Hey, you use linux, how do you feel about being a 'communist' and a
'cancer'?
I'm neither. I'm a user. As it happens I have no leftists leanings
at all. Or even rightist. I'm no kind of socialist, and dislike
socialism altogether, whether left or right.
But what has politics to do with Fedora, except incidentally?
It does dump hundreds of copies of the COPYING file with
it's redefinition of 'freedom' and implicit political
statement on your hard drive. They are pretty much inseparable.
There is no such thing as absolute freedom. That there are many
possible tradeoffs is a fact independent of politics. Specific sets of
tradeoffs are also somewhat independent of politics although political
parties are very much dependent on the sets of tradeoffs they espouse.

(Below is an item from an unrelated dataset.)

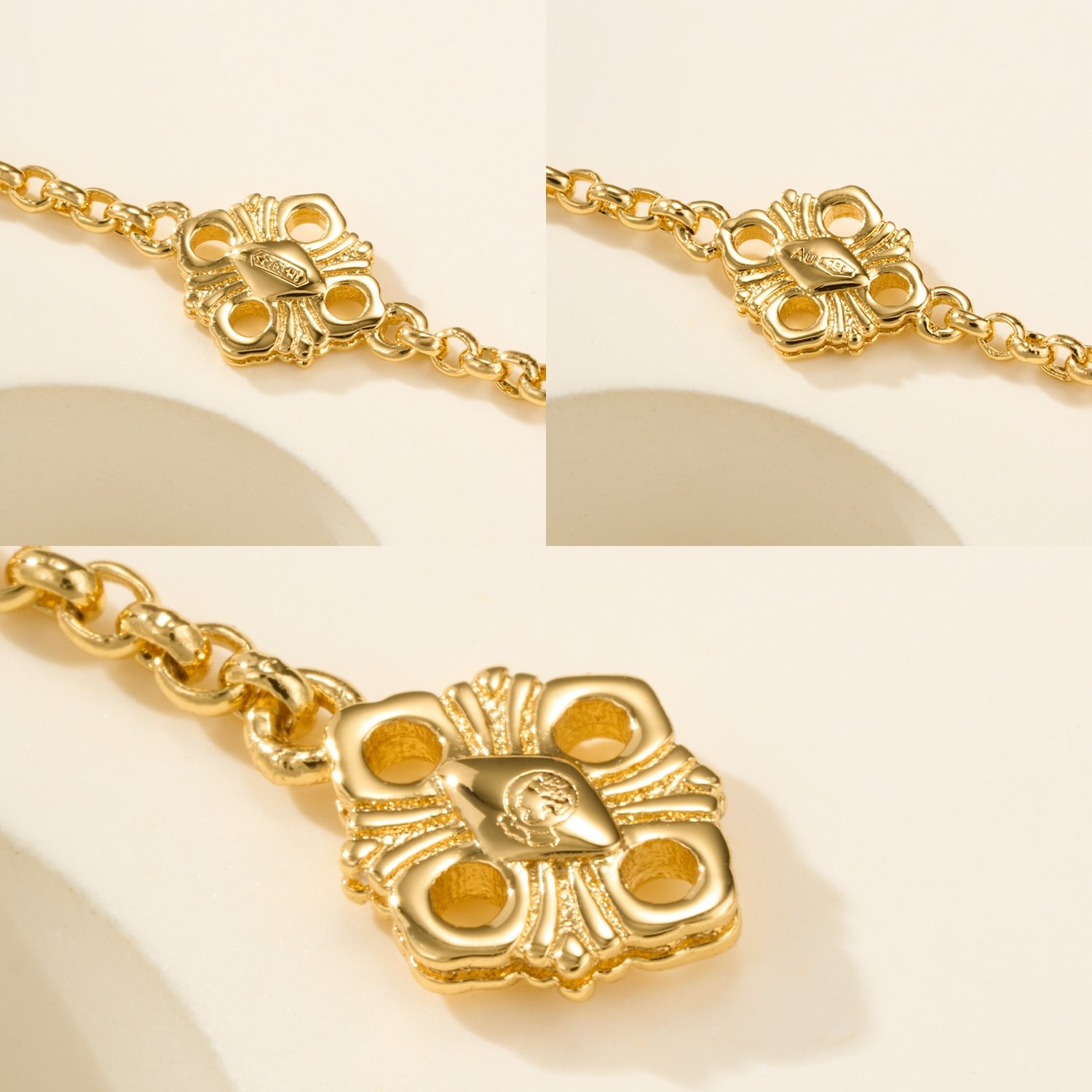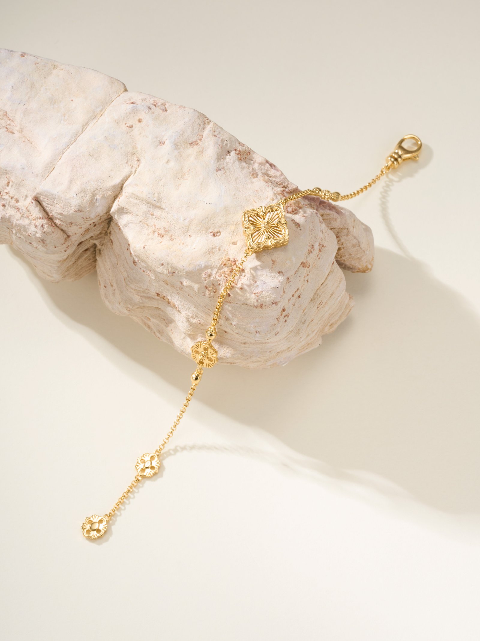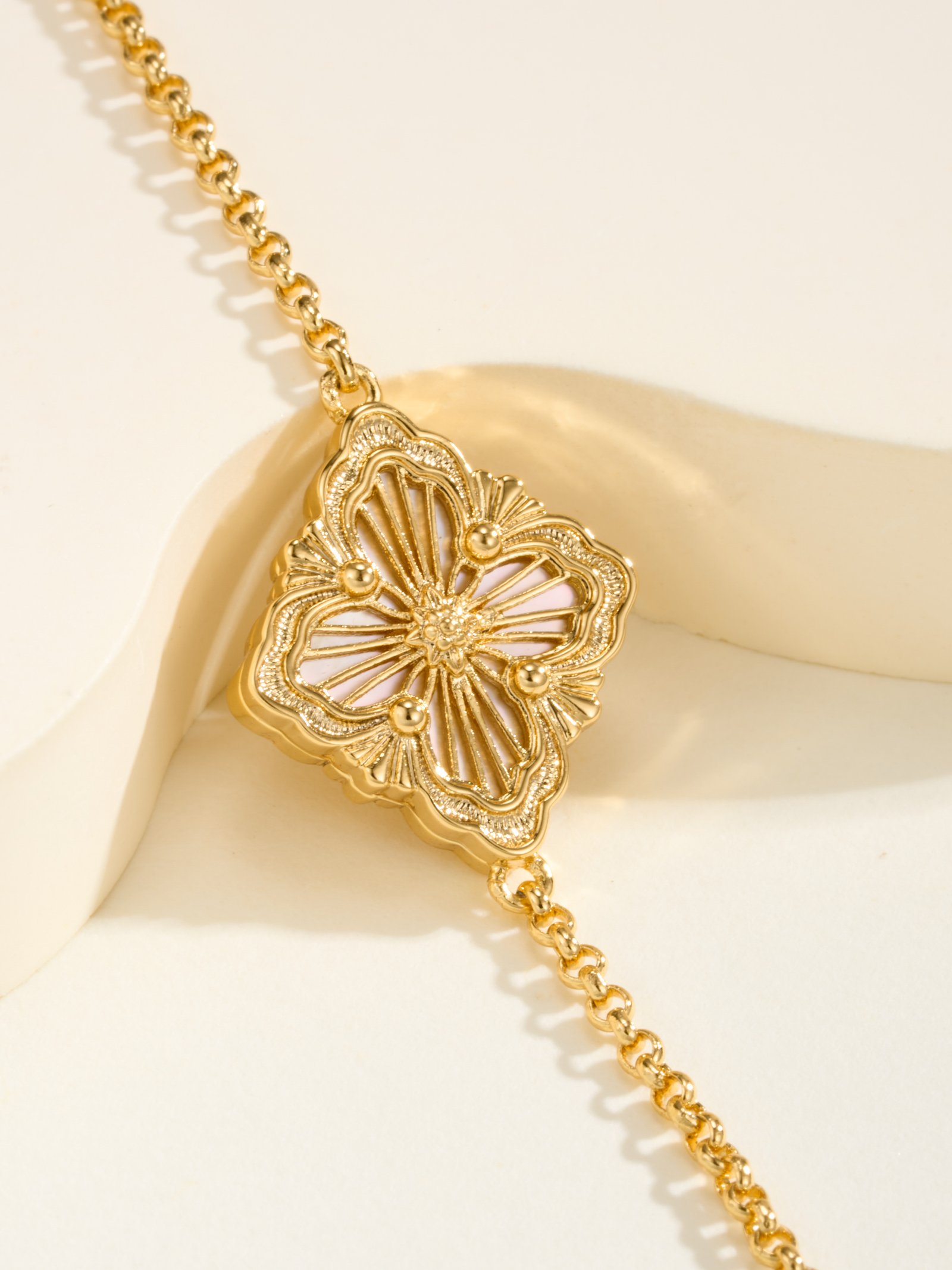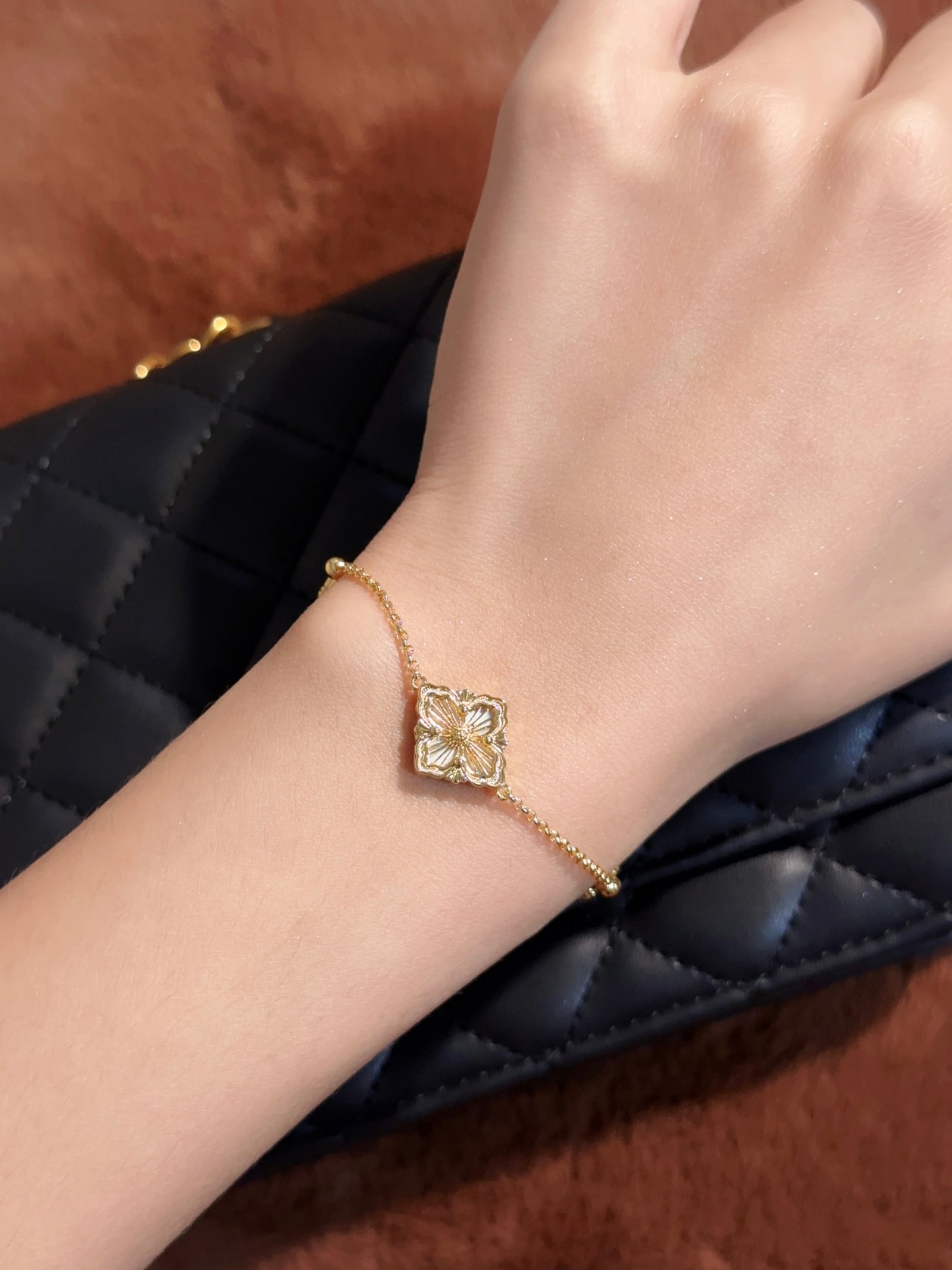 BU Opera Series Gold 3-Pattern Single Flower White Beimu Bracelet (Small)

You're reversing a logical dependency, and, no, the GPL does not
attempt to alter the definition of freedom, even though it advocates
sets of tradeoffs that are not in vogue in the current eco-political
climate. It so happens that the tradeoffs the GPL advocates have a very
large overlap with the tradeoffs advocated by the people who wrote the
Constitution of the US, much more so than with any other set that has
been advocated by any other group of political, economic, or social
philosophers that I am aware of. The GPL is in sharp contradiction to
the theories of communism and socialism. That the current society in
the US has so far diverged from the spirit of their own Constitution is
regrettable, and the contrasts between the GPL and current business
practice in the US are much less a call to preserve the status quo than
a call for Americans to start defending their own freedoms by making
tradeoffs which make other people free instead of trying to gain all
the money (and the illusory freedom therein) for themselves.
Freedom is one of those things that you don't get more of by keeping
others from getting their share.
Sorry I don't have time to write shorter sentences today.